# Forum Home Renovation Tiling  Tiling thickness

## mike_perth

Hi All 
After reading back through hundred of posts Im having trouble finding an answer to my question 
I have 19mm jarah floorboards on pine joists and want my bathroom floor to match in height so need to know how thick tiles + cement sheet + glue will be so I can trim the floor joists to give me the same height - I have figured 15mm cement sheet + 4mm tile glue + tile thickness @ around 5mm gives me 24mm so I will need to take 6mm off my joists? 
Does this sound correct? 
Sorry for the mathmatical post! 
Mike

----------


## stevoh741

Have you thought about fall. You will need to give yourself a lot more room than that if you figure a screed into the equation. I'm sure to be corrected but I think screed needs to be 20mm at its thinnest/lowest so your probably looking at 40mm at top of the fall. I'm sure a tiler can add to this post.....

----------


## ringtail

Stretching the memory a bit but I think a 40 mm allowance for bedding is the norm. Obviously the high point is at the entrance to the bathroom. Factor in the waterproofing and ally angle water stop too.

----------


## rgcam

It depends what you want to do. If you want a wetroom, then yes you need a grade to a drain, but most domestic bathrooms are not wetrooms so the floor is level. 
  The door can eat any height difference if you use its width to run a strip under the door to break the transision between tiles and external floor. It just takes time to craft a sill (for want of a better word). and planning to have the gap as wide as you need. Not wide enough and  you have a section of too thin wood, too wide and you have a gap.
  It takes a table saw and a bit of mucking around to cut grooves out for tiles or boards etc, but worth the effort.
   I laid a floating floor and this is my transision. No one notices the wood across the door because it looks correct. Only if it seems odd will it stand out.

----------


## mike_perth

Good point re a fall across the floor to a floor waste I hadnt considered that! 
But again a good point on not needing a fall and having a level floor - Id prefer to stay level as that means less timber coming off the floor joists which is a good thing as it will stay stronger. 
Anyway maybe time to measure some tiles and figure a depth 
Mike

----------


## stevoh741

I personally would never do a bathroom without fall to a FW. At least doing it yourself you will have no-one else to blame if the bath or sink overflow, or the shower gets blocked with hair and overflows. Lucky for you you have timber floorboards for the water to run out to - the timber will love all that water (use of sarcasm here)!

----------


## heavytrevy

If your bathroom is second level and above a habitated area you must have a general waste and have fall to it .

----------


## mike_perth

Yeah agree re the floor waste - looks like I will need to take a fair amount off the joists so we can screed to a drain. 
Would it be possible to put the fall in the joists and screw off the cement sheet so the tiles can be laid "flat" against the sheeting?

----------


## rgcam

If you cut the joists in any way you will weaken your floor. Now most times specificatons are near the edge of what is needed, so chances are you start cutting hunks out you will create a trampoline floor. So please consider. If this is a floor on stumps, keep it flat. Who does manipulative exercises in the shower and sprays water to the four corners. Sure if the drain blocks it may flood, but what idiot gets out the shower when water is flowing over ankles. 
  There is always, "what if" and there is always realism. Me I prefer realism.

----------


## stevoh741

> If you cut the joists in any way you will weaken your floor. Now most times specificatons are near the edge of what is needed, so chances are you start cutting hunks out you will create a trampoline floor. So please consider. If this is a floor on stumps, keep it flat. Who does manipulative exercises in the shower and sprays water to the four corners. Sure if the drain blocks it may flood, but what idiot gets out the shower when water is flowing over ankles. 
> There is always, "what if" and there is always realism. Me I prefer realism.

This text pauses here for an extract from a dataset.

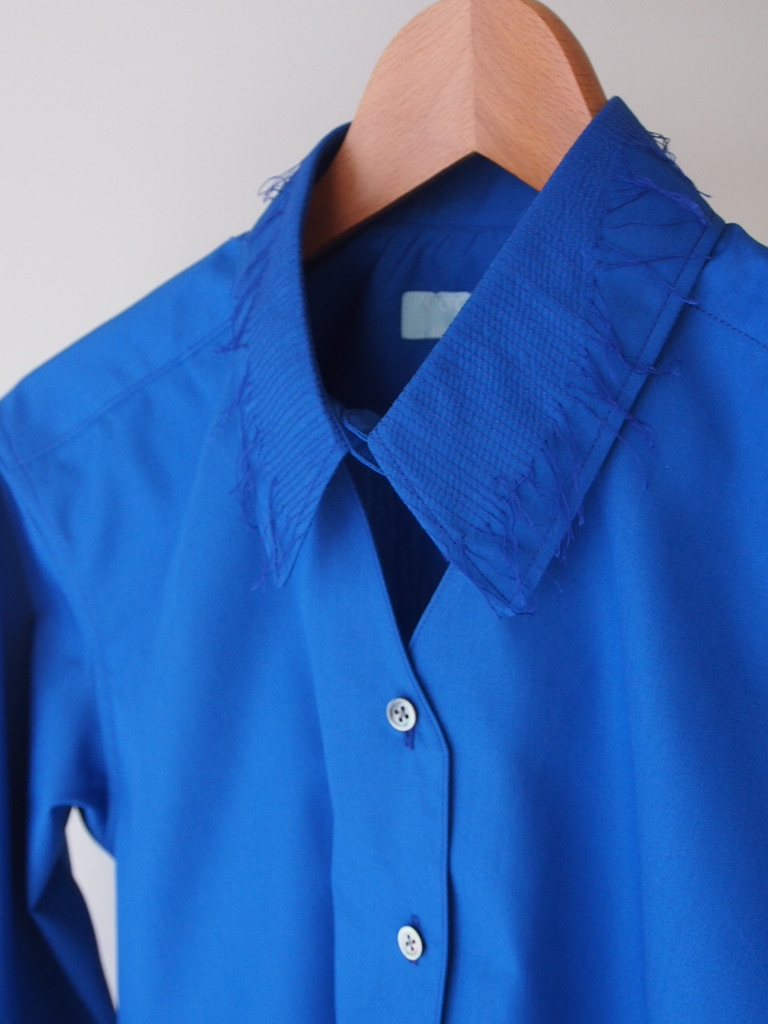 そしてこのシャツの大きな特徴はもう一点。デコルテ部分です。写真ではわかりにくいですが言葉で説明すると、「Vネックシャツに、付け衿がついたシャツ」なんです。台衿部分は前身頃部分全てと縫製しているわけではなく、前身頃の1/3ほどとのみ縫製している状態にしています(2/3ほどは台衿単独の状態)。そして前身頃はVネック状となっていますので、台衿のボタンを閉めると肌が見える状態になるんです。女性の方ですので、ネックレスなどを合わせるとよりエレガントに見えそうですね〜。その他にも今までお作りさせていただいた専用型紙を随所に組み合わせて使用しているんです。まさに世界に一枚のシャツという感じがします。そしてこの方の感性が大好きなんです。

  and others prefer to follow the building code.....

----------


## rgcam

> and others prefer to follow the building code.....

    It surprises me that that should be posted. I have no idea as to how thick joists should be, but the question was how much can be shaved. Now to post this suggests I have erred. I would ask the poster if he knows code then tell us. If he thinks my answer incorrect, explain why. To do as he does is the typical cop out. Its the gooly frighty stuff designed to frighten the home renovator.   *ADMIN COMMENT*: *Go  to The Debate area to discuss codes and adherence to the same. This  just clutters up the OP's query with crap and unsupported opinions*.

----------


## mike_perth

Joists are thicker than required though only due to a stuff up by the framing company (they quoted for a pozi strut floor system but negelcted to notice the saltwater pool next to the floor - steel and wood floor next to salt water not a wise mix thus at this point bearers were already in so they had to use very very thick joists to replicate the same height as the pozi strut joists. 
So long story short shaving joists not a huge deal more of an issue to me as Ill be the one cutting them back!

----------


## stevoh741

> It surprises me that that should be posted. I have no idea as to how thick joists should be, but the question was how much can be shaved. Now to post this suggests I have erred. I would ask the poster if he knows code then tell us. If he thinks my answer incorrect, explain why. To do as he does is the typical cop out. Its the gooly frighty stuff designed to frighten the home renovator.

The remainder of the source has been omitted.